I understand that your vision of a church is that it be a place where people are cemented by values rather than beliefs, and where people can safely come together to share the news of their spiritual journey no matter where that journey has taken them. I, too, would love for church to be such a place, but I think that your goodness might sometimes make it hard for you to anticipate the failings of others. Without meaning to elevate myself to what I regard, in some ways, as your level of virtue, I think this is also true of myself, because, otherwise, why would I have ever walked in the door at Resurrection?

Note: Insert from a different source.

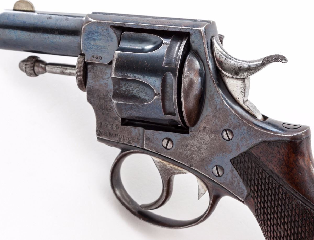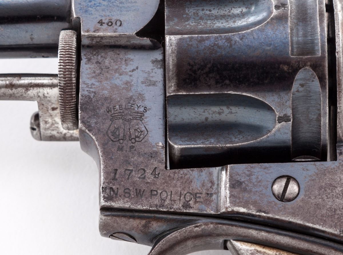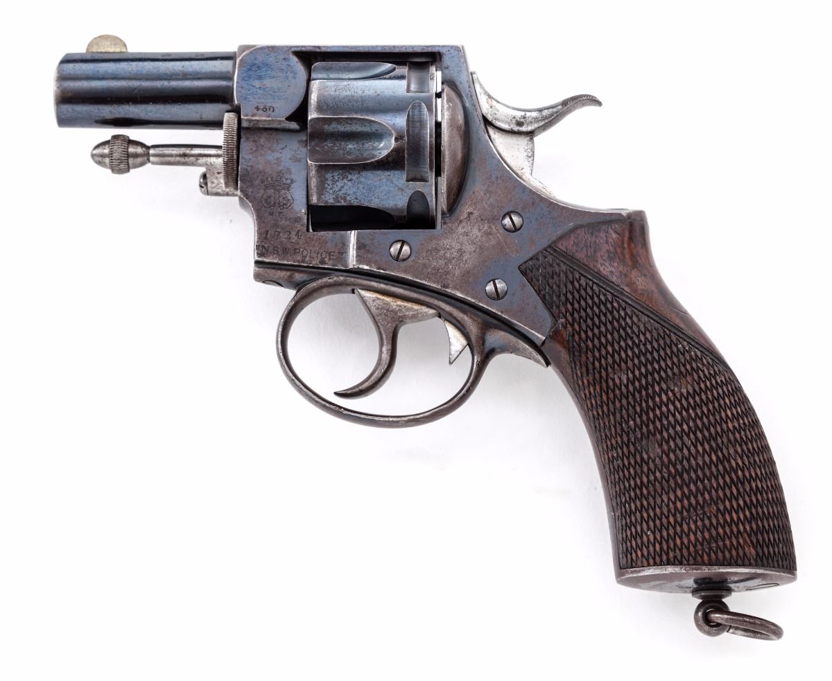 Webley New South Wales Constabulary Model Double Action Revolver, #92500, .450 cal., 2-1/2'' barrel, blue finish, one-piece walnut grips with lanyard loop in butt; nickel silver front sight, with New South Wales, Australia, police number 1724 and Webley's handcuff logo to left side of frame. Top strap marked ''P. Webley & Son, London & Birmingham''. Condition is very good to near fine retaining approx. 60% flaking blue, with moderate scuffs to grips. Action is crisp, bore is fine. Est.: $500-$750. (Antique)
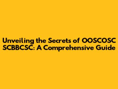 Unveiling The Secrets Of OOSCOSC SCBBCSC: A Comprehensive Guide

Whatever my faults, if the Christian talk of loving one’s neighbor is to mean anything, I have as much claim to that love as anyone. At the same time, I recognize that tribalism is a strong need within our species, and that church is one of its strongholds. I’ve even noticed that those outsiders whom your own church goes to such pains to help can be counted upon to remain outsiders, thereby allowing the church to see itself as helping its neighbors while at the same time trusting that those neighbors are unlikely to draw uncomfortably close. I don’t mean this as cynically as it must sound, because I know that there are other factors at work here. Yet, would you not say that the people who appear to have turned their backs on me are among those who take their religion the most seriously, and who therefore might have been considered the mostly likely to embrace me? You might ask what I would have liked from them. The answer is acknowledgement followed by normalcy. I wasn’t seeking conversion; I wasn’t seeking to convert; and I wasn’t looking for heartfelt conversations about God or atheism. I instead wanted to be accepted as I am, which is how you have accepted me. If, beyond that, someone had shown an interest in my experiences and views, that would have been wonderful, but I didn’t expect it. Truth be known, I got what I did expect, what experience has taught me to expect.